Machine learning is perfect for that purpose. Theoretically, one could have a giant list of phonemes that each user thinks through as the system is learning.
You could train the algorithm to detect characteristic patterns in activity for each phoneme or thought, which would allow the protocol to decode what you’re thinking into usable information.
This information, which could be text, images, audio, and more, could then be sent via radio transmitter to the recipient, which would have a similar system that encodes that information into either audio to be played, text on a screen, or (ideally) direct electrical signals to their brain.
Such a system would essentially be the inverse of the one detailed prior— instead of electrodes that collect signals for a machine learning algorithm, you would be stimulating new signals that the brain would decode to produce the subjective sensation of receiving thoughts.
Ina strange sort of way, telepathy is already here. When I have a thought that I want to transmit, it travels from my brain to my phone or computer. That thought is then sent at the speed of light through wireless signal to your personal phone or computer, which is then decoded using your eyes and your brain.
The proposed system in this article — true telepathy — simply removes the intermediary step of manually entering that information. But such a change would fundamentally alter how human beings communicate, connect, and grow.
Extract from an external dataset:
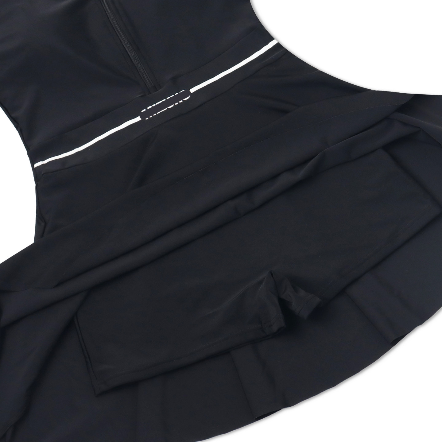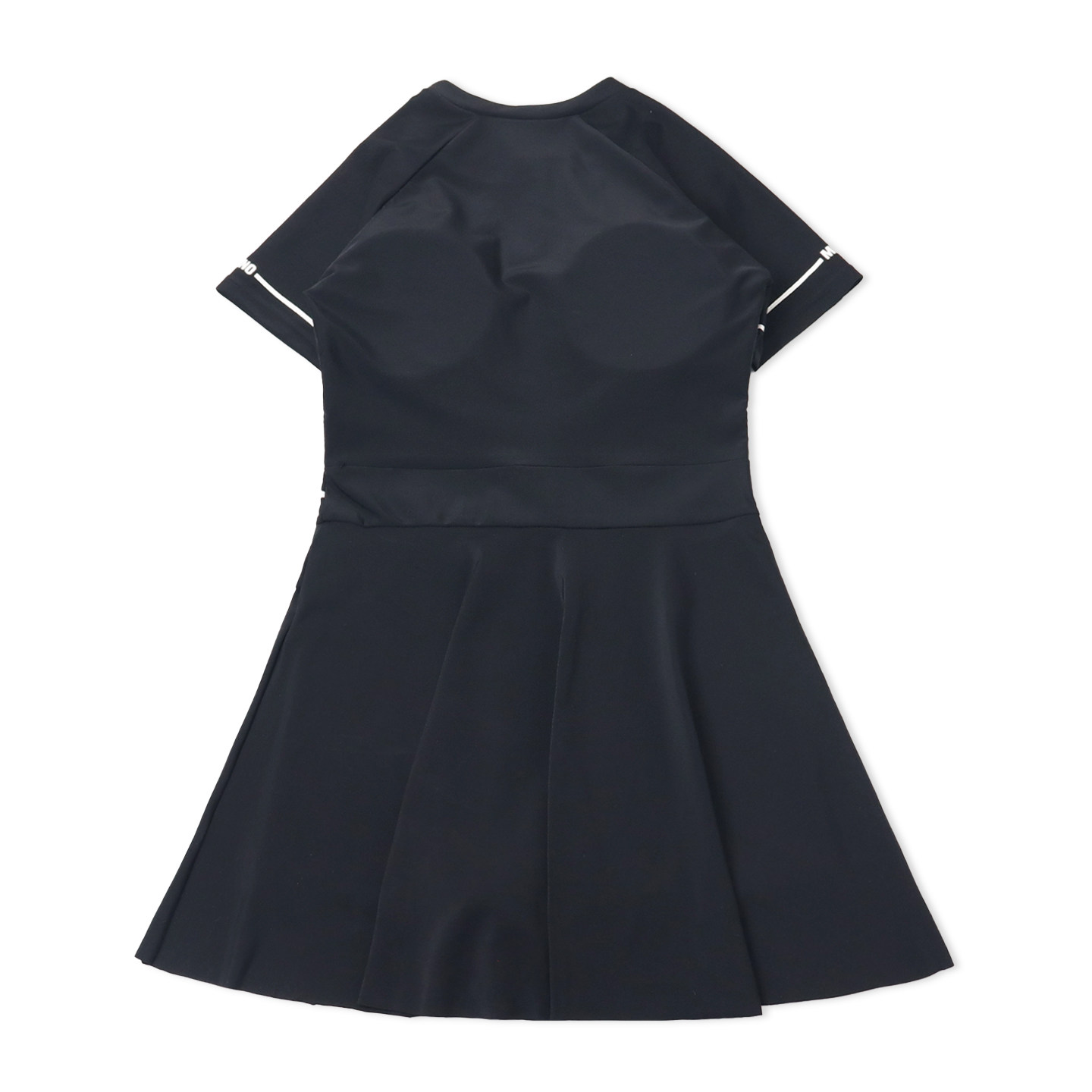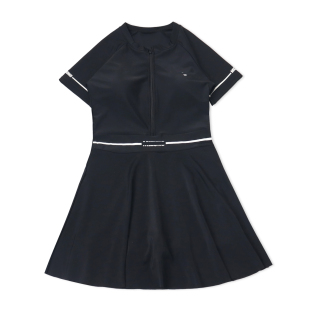 防晒短袖 连体泳装 保守平角泳衣 女士运动泳裙遮肉黑色裙式 出口新款

To feel another’s thoughts as your own would elevate the human virtues of empathy and togetherness. It would expand the mind of each human being on the planet, and place a priority on mutual growth and democracy.
We would learn faster. Help each other better. Our species would move increasingly towards a common vision, like propagating throughout the universe, rather than risk being torn apart by petty disputes or squabbles.
And the future is almost here! We are but a few decades away from technology of this calibre being in every home, school, device, and brain. Myself and many other neuroscientists have high hopes for tomorrow, and eagerly look forward to a day when we can communicate this joy not through a clunky human word, but directly through our thoughts.
Any sufficiently advanced technology is indistinguishable from magic. That, in and of itself, is magic.